Copy the data below exactly. Any pictures in it should be omitted.

==== SUPPLIED DATA ====

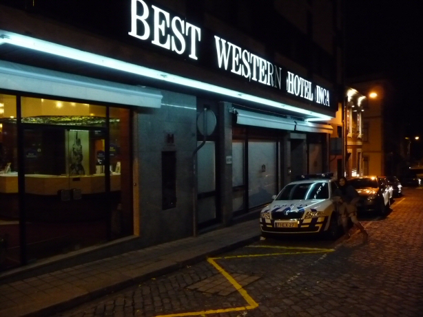 よくみたらホテル真横の小さなアパートメントは警察署。
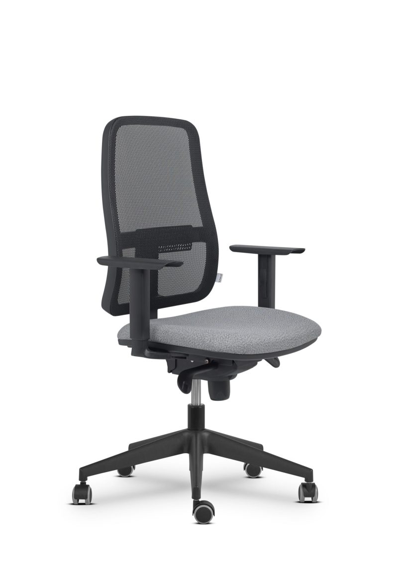 luka 3: PVC negro, respaldo malla, mecanismo sincron, apoyo lumbar con regulación en altura y adaptación flexible de profundidad, base negra, sin brazos
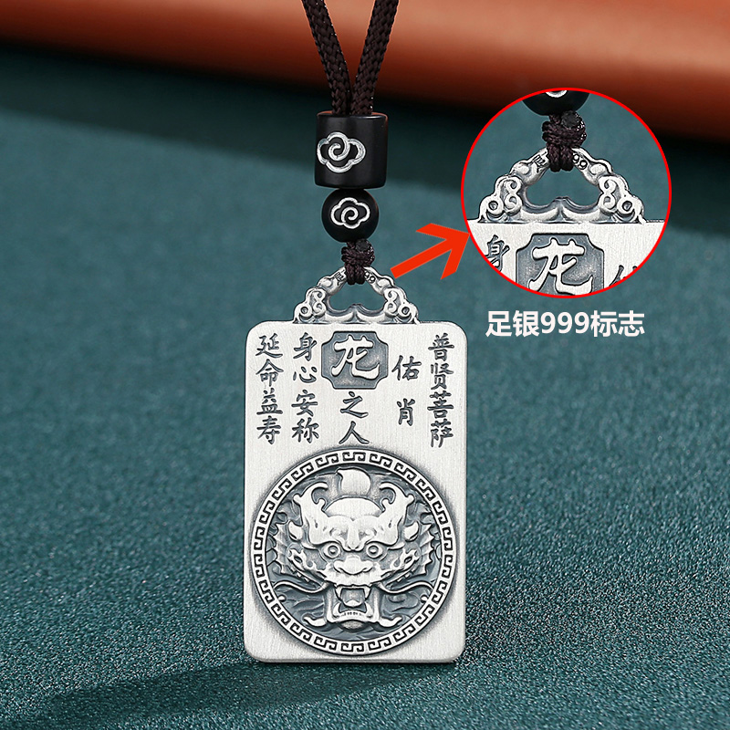 苏州银楼12生肖S999纯银八大守护生肖无事牌项链男情侣款复古礼物
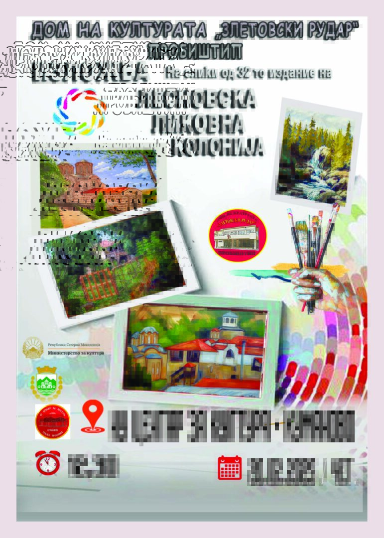 На 20 февруари, четврток, со почеток во 12,30 часот во Изложбениот салон на НУ Центар за култура „Трајко Прокопиев“ – Куманово ќе биде отворена 32-та Меѓународната Лесновска ликовна колонија. Изложбата содржи триесеттина дела работени во повеќе ликовни техники.

====

OUTPUT OF THE TASK –
 よくみたらホテル真横の小さなアパートメントは警察署。
 luka 3: PVC negro, respaldo malla, mecanismo sincron, apoyo lumbar con regulación en altura y adaptación flexible de profundidad, base negra, sin brazos
 苏州银楼12生肖S999纯银八大守护生肖无事牌项链男情侣款复古礼物
 На 20 февруари, четврток, со почеток во 12,30 часот во Изложбениот салон на НУ Центар за култура „Трајко Прокопиев“ – Куманово ќе биде отворена 32-та Меѓународната Лесновска ликовна колонија. Изложбата содржи триесеттина дела работени во повеќе ликовни техники.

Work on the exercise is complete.